Below, we visualize the total balancing volumes of each CCGT asset in 2022. This equals the total difference in volume between an asset’s planned and actual export over the course of the year.

Figure 6 - Total balancing volumes ‘net out’ across the CCGT fleet in 2022.
  • The net turn-down of Peterhead is almost entirely canceled out by the net turn-up of the rest of the CCGT fleet. This makes sense, since CCGTs are a key source of flexible generation, making it likely that this asset class will be turned up in the Balancing Mechanism to ensure ample capacity when a constrained asset such as Peterhead is turned down.
  • The scale of net turn-down experienced by Peterhead (1400 GWh) is over 26 times more than Salted Unit 3, which is the asset with the next largest net turn-down (50 GWh). This highlights just how uniquely constrained the Scotland-England border is compared to the rest of the transmission system.

REMA: Locational pricing to remedy constraint costs?

REMA is a hot topic right now (read up on the state of play here), with the idea of locational marginal pricing a key point of discussion. The position that National Grid ESO is minded to take is that in a market with locational pricing, the relationship between regional supply, demand, and constraints would drive electricity prices.

Figure 7 - In a nodal system, electricity price could vary by Grid Supply Point (or node), displayed here.
  • For example, high wind generation in Northern Scotland would drive down prices in this area due to low regional demand, and constraints limiting the export of power elsewhere.
  • Through a locational price signal, generators such as Peterhead may be incentivised to minimize their planned output during windy times. This would negate the need for National Grid ESO to re-dispatch the asset in the Balancing Mechanism.
  • National Grid ESO views the implementation of locational pricing as an important aspect of achieving net zero carbon emissions, since a cleaner fuel mix is encouraged during times of high renewable generation.
  • In order to recover costs, assets such as Peterhead may need to increase their outputs during times when intermittent generation is lower, and consequently, regional power prices are higher.
  • This could be challenging due to operational factors such as the ability to accurately predict wind levels.
  • However, if viable, it would result in a more efficient market, helping to smooth out the supply of electricity to this constrained region of the grid, and thus provide more stability at a reduced cost to the consumer. Crucially, it would also mean a lower carbon cost, as the plant should need to ramp up and down less frequently.
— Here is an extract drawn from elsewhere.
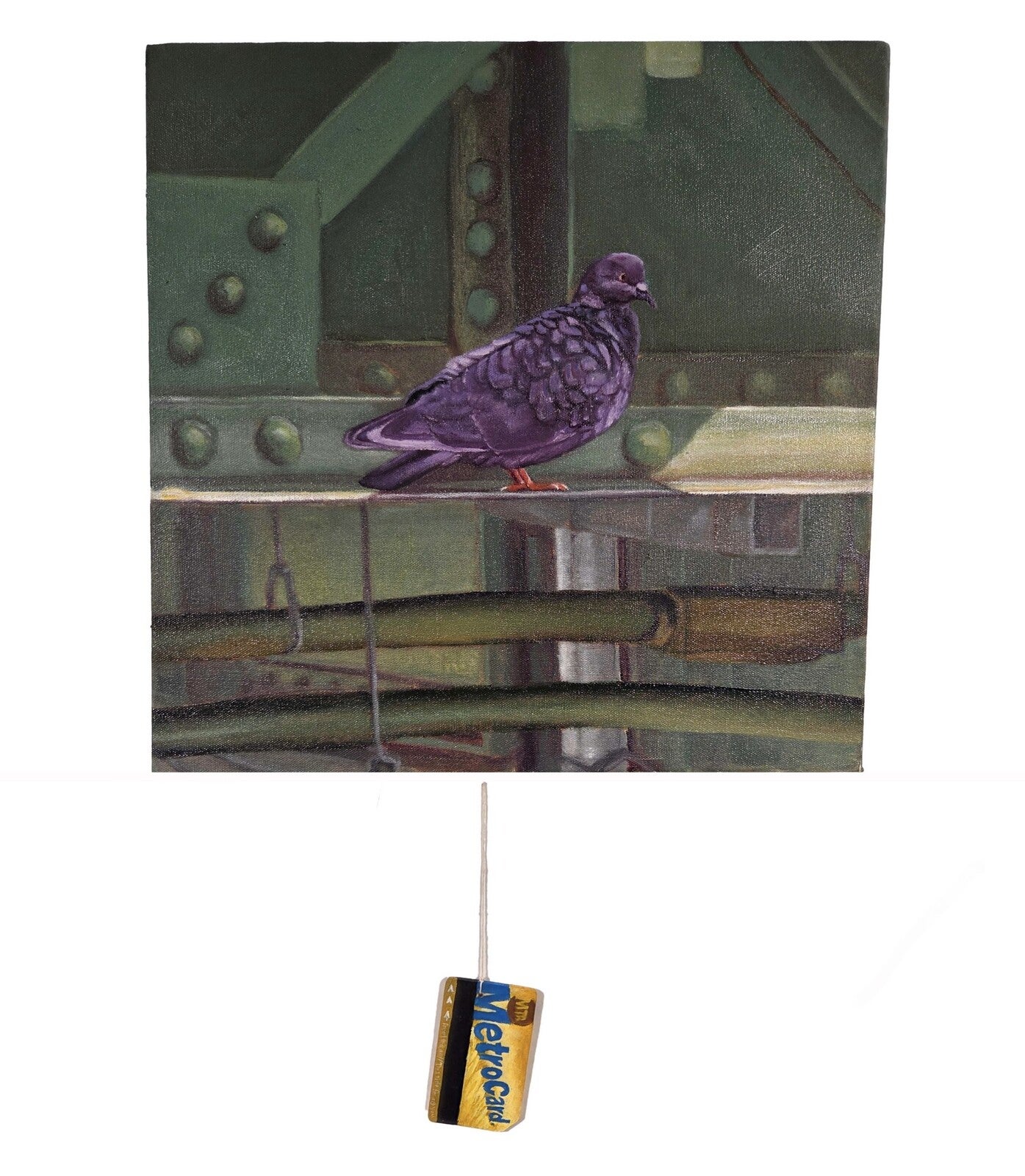 This oil painting was inspired by a trip to New York City and the ephemeral metro card. The pigeon is perched on the Manhattan Bridge bathed in warm light with a metro card in the "trompe l'oeil" technique hanging from a string off the painting. The contrast between the soft bird subject and the industrial materials highlight its fleeting nature. This piece offers a romantic repositioning of the default perspective people tend to have when viewing ordinary life and everyday experiences.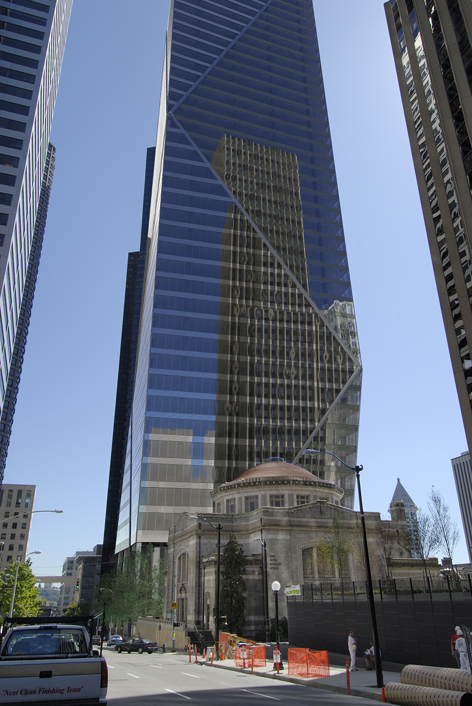 Another risk came from nearby Columbia Center. Daniels and his team anticipated that building's tiebacks might infringe on The Mark's site and planned to stay about four feet away from where they thought the tiebacks were. They still hit every one of the tiebacks, Daniels said, which cost time and money.

The themes drawn from this case study exemplify why REMA is looking so heavily into locational pricing, namely, that this type of system could result in a greener grid at a lower cost to the consumer. The elephant in the room, however, is whether our Net Zero goals can be achieved purely by market transformation, without the corresponding investment needed to provide grid infrastructure transformation.

So, what have we learned?

  • CCGTs are a key source of flexible generation to the grid, providing in excess of 21 GW in capacity.
  • Assets in constrained regions are bid down in the Balancing Mechanism at times when the constraint is under significant pressure.
  • For example, Peterhead is a uniquely positioned CCGT, as it lies behind a key constraint in Northern Scotland, limiting its ability to export power towards demand in the South.
  • Peterhead’s competition with renewable generation on windy days causes it to experience large bid volumes in the Balancing Mechanism, which are largely canceled out by a net turn-up from the rest of the CCGT fleet.
  • Locational marginal pricing may present a more efficient market mechanism for solving constraint-related issues, providing the necessary conditions for a decarbonized grid in the future. National Grid ESO is consulting on this topic as part of the REMA proposals.